[[ Material for the task open ]]

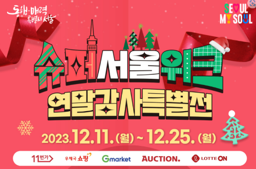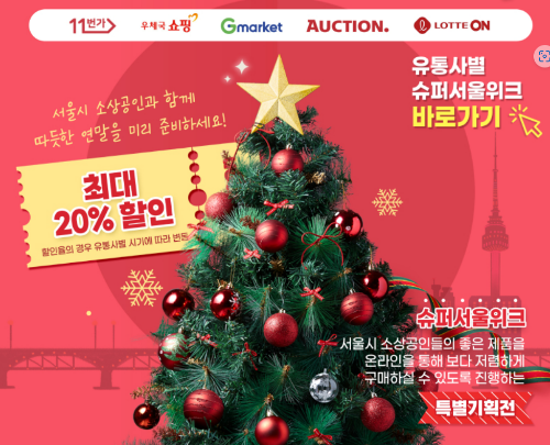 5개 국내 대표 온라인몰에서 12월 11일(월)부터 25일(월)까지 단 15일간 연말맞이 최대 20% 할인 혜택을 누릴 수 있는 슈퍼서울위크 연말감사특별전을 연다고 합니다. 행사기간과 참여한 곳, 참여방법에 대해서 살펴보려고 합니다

[[ Material for the task closed ]]
[[ Material for the task open ]]

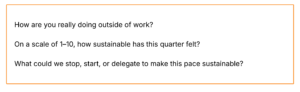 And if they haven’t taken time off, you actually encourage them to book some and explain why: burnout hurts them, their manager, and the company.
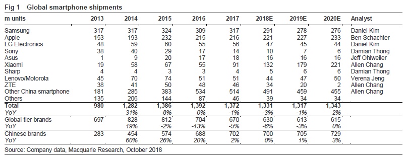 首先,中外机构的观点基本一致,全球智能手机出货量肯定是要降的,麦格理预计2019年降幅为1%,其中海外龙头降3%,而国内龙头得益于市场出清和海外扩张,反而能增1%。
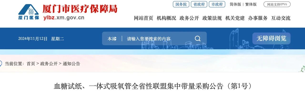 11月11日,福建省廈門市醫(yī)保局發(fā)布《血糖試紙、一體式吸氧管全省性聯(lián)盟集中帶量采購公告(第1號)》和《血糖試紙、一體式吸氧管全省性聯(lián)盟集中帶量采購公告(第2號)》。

[[ Material for the task closed ]]

• Exercise instructions: Your reply should hold nothing but the lines above, from the one containing "首先,中外机构的观点基本一致" to the one containing "11月11日,福建省廈門市醫", reproduced exactly minus the pictures.

• Problem solution:
 首先,中外机构的观点基本一致,全球智能手机出货量肯定是要降的,麦格理预计2019年降幅为1%,其中海外龙头降3%,而国内龙头得益于市场出清和海外扩张,反而能增1%。
 11月11日,福建省廈門市醫(yī)保局發(fā)布《血糖試紙、一體式吸氧管全省性聯(lián)盟集中帶量采購公告(第1號)》和《血糖試紙、一體式吸氧管全省性聯(lián)盟集中帶量采購公告(第2號)》。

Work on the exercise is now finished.